A study group examining the library situation to ensure its long-term survival recommended that the village government hire professional experts to study the matter. The village government has agreed to spend up to $25,000 for such a study, which would analyze space and facility use, programs, services, size needs and financing.

Such a study will have to deal with the persistent and vexing issue of the National Park Service (NPS) and its historic resistance to the library’s expansion at its present site. To conduct any study before that issue is resolved will be a complete waste of taxpayer money. No study should begin until the village and its citizens determine how to deal with the NPS.

To the best of my knowledge, there has never been a formal meeting held at NPS headquarters in Atlanta with village officials and representatives of the Given Library and Tufts Archives. I have never understood why village officials have neglected this obvious need. In business, success is usually achieved by building close working relationships. The NPS has not been contacted over many years of contention. The village has a very large staff and devoted elected officials, yet it has never established a close relationship with this important federal agency.

I believe that most residents of Pinehurst who use the library and Tufts Archives would prefer that it remain where it is, subject to needed expansion to accommodate population growth. The library has had architects design just such an expanded facility to achieve that goal. NPS has seen those plans. That practical design should be viewed by all who have an interest in the library’s future. It is not revolutionary or extreme, but modest in appearance. It extends the present building out to its property limits and does not exceed them. However, it does not allow for setbacks along the property borders but builds right up to the very edges. Such setbacks are irrelevant because the adjacent land cannot be built upon. It is to be preserved as part of the Village Green.

One can admire the NPS for seeking to preserve the Village Green, but one must question whether its imprimatur is worth the high price associated with enjoying its federal historic designation. Should a local library’s expansion decision, which will affect every Pinehurst resident, be subject to veto by bureaucrats with no stake in the game except following often arcane rules?

The NPS never objected to radical changes to facilities at the Country Club, including the construction of pools and water slides. Yet it finds fault with modest changes to our library. If NPS cannot be sanguine about a modified library expansion, the village should discontinue using the Historic Landmark designation. The designation has never been promoted by Pinehurst. Visitors are not flocking here because of it. It is an honor, surely, but perhaps it is time to return it to Uncle Sam with our thanks.

Until the NPS matter is resolved, no public funds should be spent to research the issue. It has been studied to death. If the NPS agrees to keep its hands off the library, then a study makes sense.

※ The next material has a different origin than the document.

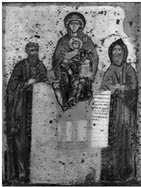
Печерська (Свенська) ікона Божої Матері (ліворуч — преподобний Феодосій, праворуч — преподобний Антоній)

Найдавнішим зображенням Феодосія вважають Свенську ікону Богородиці 1288 р. Такий вигляд святого був поширеним в іконографії, починаючи з XVI ст. Різниця в індивідуальних рисах Антонія та Феодосія набула усталеності в печерській іконографії.
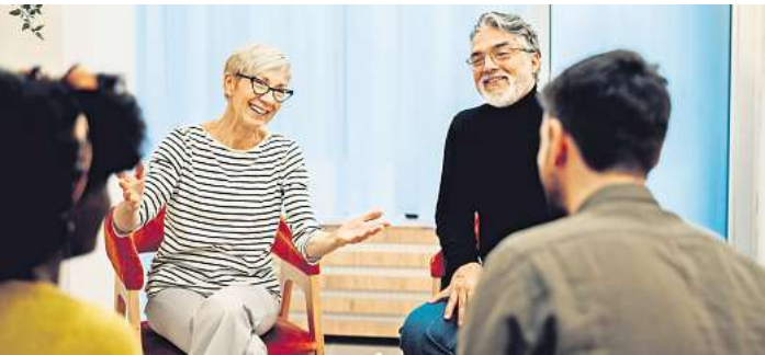
Angehörige kommen bei dem Angebot des Projekts „bewegt und belebt“ miteinander ins Gespräch, während die Senioren etwas für ihr Wohlbefinden tun.

Forschungsgruppe Geriatrie Lübeck Krankenhaus Rotes Kreuz Lübeck -Geriatriezentrum- Projekt „bewegt und belebt“ Telefon: 0451-98902-205 oder 98902-201 E-Mail: buchtal@geriatrie-luebeck.de

Should it become a public library, continue as a private one, or be a hybrid can be fully evaluated.

Whatever is decided, the future of the Tufts Archives deserves extra careful consideration. As the former historian of the Pinehurst Country Club, I can attest to the value of the archives. It is a priceless research resource. It preserves rare Donald Ross architectural course drawings, thousands of historic photographs and important documents related to Pinehurst, the Tufts family, Donald Ross and its unique history as America’s premier golf resort.

Now all of that is well-protected. It is highly valued and utilized by golf writers, reporters, scholars, historians and students. It is sustained under the aegis of a unique person, Audrey Moriarty, who is both librarian and archivist. She has gathered a collection of volunteers who are devoted to the institution and to the Given Book Store, which raises funds for the operation, while providing good food and books to residents for low prices.

The village government has wisely put aside $1 million for future library expansion and has granted funds annually to help finance the Given and Tufts operations. That money should not be disturbed but held in abeyance until realistic plans for the institution are finalized.